Эти машины отец получил почти перед самой войной. Их было три: машина для обрезки книг с трех сторон, машина для резки картона и машина для пошива тетрадей. В торговых рядах на базаре отец снял в аренду лавку и установил там все три машины. Договорившись со своими друзьями по артели маляров, отец набрал необходимое количество рабочих и, таким образом, создал свое дело — переплетный цех. Теперь жизнь у отца с матерью пошла еще веселей. Когда была работа для маляров — отец малярничал, а когда не было малярной работы — отец становился переплетчиком. Теперь он был обеспечен работой на целый год. Нашлась работа и для мамы. Она каждый день готовила обед на всех переплетчиков. Жизнь пошла, как говорится, лучше и не надо. В домашнем альбоме лежит общая фотография: все рабочие переплетной мастерской. Среди них одна женщина — моя мама. В центре фотографии выделяется представительный старик с длинной бородой. Это патриарх рода Старобинских, отец большой рабочей семьи. Они жили на нижегородской улице, на краю заливного луга между Днепром и Друтью. Во время разлива рек дом их подолгу стоял окруженный водой. Вся семья временно переселялась, а этот старик с бородой продолжал там жить, пробираясь в дом по кладкам над водой. Когда Ефрем, мамин старший брат, женился на девушке Фруме из рода Старобинских, то мы приобрели дальние родственные связи со всеми Старобинскими.

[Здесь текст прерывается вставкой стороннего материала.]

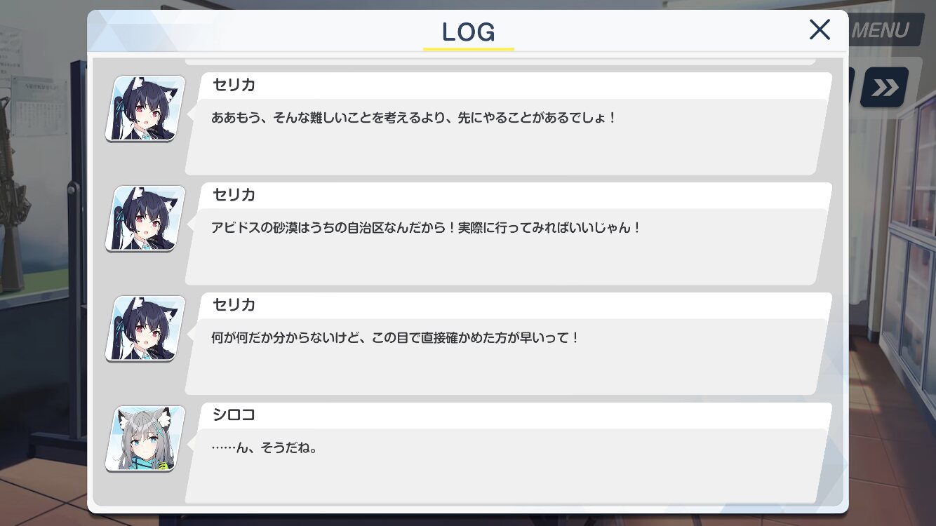 ラーメン屋でアビドスの面々と便利屋の遭遇したところで1-8終了!次は1-9から

Мама часто рассказывала, что все рабочие переплетной мастерской жили и работали, как одна дружная семья. Однако, это благополучие в их семье длилось совсем недолго. Как говорит мама:"Беднякам пробиваться в богачи — это не так легко, как печь калачи. Пустая трата сил и времени". Началась империалистическая война, и отца забрали в армию. Мама вместо отца пошла работать в переплетную мастерскую. Вскоре она родила дочь, мою старшую сестру Соню. Чтобы иметь возможность продолжать работу, мама вызвала к себе старшую сестру отца Сарру, одинокую вдову, живущую в Быхове. Тетя Сарра переехала к нам и стала нянькой на многие годы. Так они и жили.

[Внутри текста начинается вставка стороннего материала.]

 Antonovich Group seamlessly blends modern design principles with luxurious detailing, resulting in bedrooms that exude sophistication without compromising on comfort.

После февральской революции отец вернулся домой и опять стал работать, как и прежде: и маляром, и переплетчиком. Ввиду того, что их уже стало четверо, они перешли на квартиру в дом напротив, к кузнецу Гольдбергу. Там они снимали две комнаты. Жизнь их опять входила в нормальную колею. Отец вызвал в Рогачев из Быхова своего младшего брата Володю и устроил его учеником в переплетную мастерскую. Ссуду за машины, взятую в банке, отец выплатить так и не успел. Грянула Октябрьская революция, и банк закрылся, а его хозяева куда-то исчезли.
Однажды отец пришел и сообщил маме, что по решению всех рабочих, переплетная мастерская переходит в собственность Советской власти. Машины и материалы перевезли в помещение местной типографии, которая помещалась на углу улиц Быховской (Циммермановской) и нынешней Интернациональной. Все рабочие, в том числе мой отец и его брат, продолжали работать в этой переплетной мастерской. В декабре семнадцатого года у мамы появился сын, мой старший брат, которого назвали по имени маминого отца Лазарем. Их теперь стало пять человек. Отец снял полуподвальное помещение в доме на углу улицы Бобруйской и переулка Кузнецкого. Здесь они жили более просторно. Прибавилась и обстановка.

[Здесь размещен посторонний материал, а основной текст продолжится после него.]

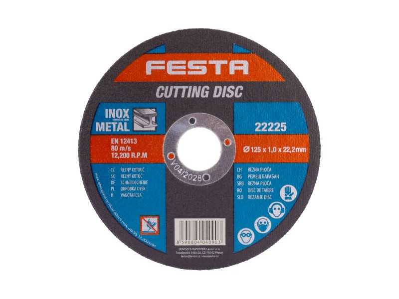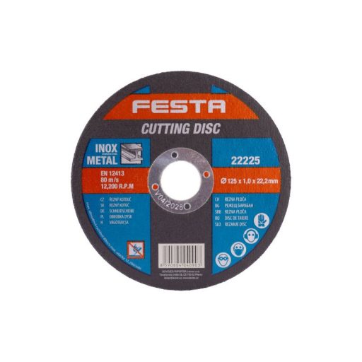 Szemcsetípus: Korund Kötőanyag: Aldehid alapú műgyanta Kivitel: egyenes Max. Működési sebesség: 80m/s Max. megengedett fordulatszám: 12200 1/min Kétrétegű üvegszálas betéttel megerősítve a szilárdság növelése érdekében. Fémen, öntöttvason, rozsdamentes acélon használható.

Отец начал принимать участие и в общественной работе — его выбрали членом правления профсоюза. В то время каждый профсоюз отправлял добровольцев из состава актива на фронт, на защиту молодой советской республики. Когда профсоюз объявил о таком наборе, отец мой одним из первых записался добровольцем в Красную армию, хотя у него была льгота, как у отца двух маленьких детей. И опять мама ушла работать вместо отца в типографию.
Переплетная мастерская была теперь частью типографии. Опять мама осталась одна с двумя маленькими детьми. Выручала ее папина сестра тетя Сарра, которая нянчила детей, пока мама была на работе. И опять три года тревожных ожиданий. Что это такое, может понять любая женщина, у которой муж был на фронте. У мамы в квартире жил и младший брат отца Володя. Ему было всего 15 лет. За ним тоже надо было ухаживать, как за ребенком, хотя он и работал.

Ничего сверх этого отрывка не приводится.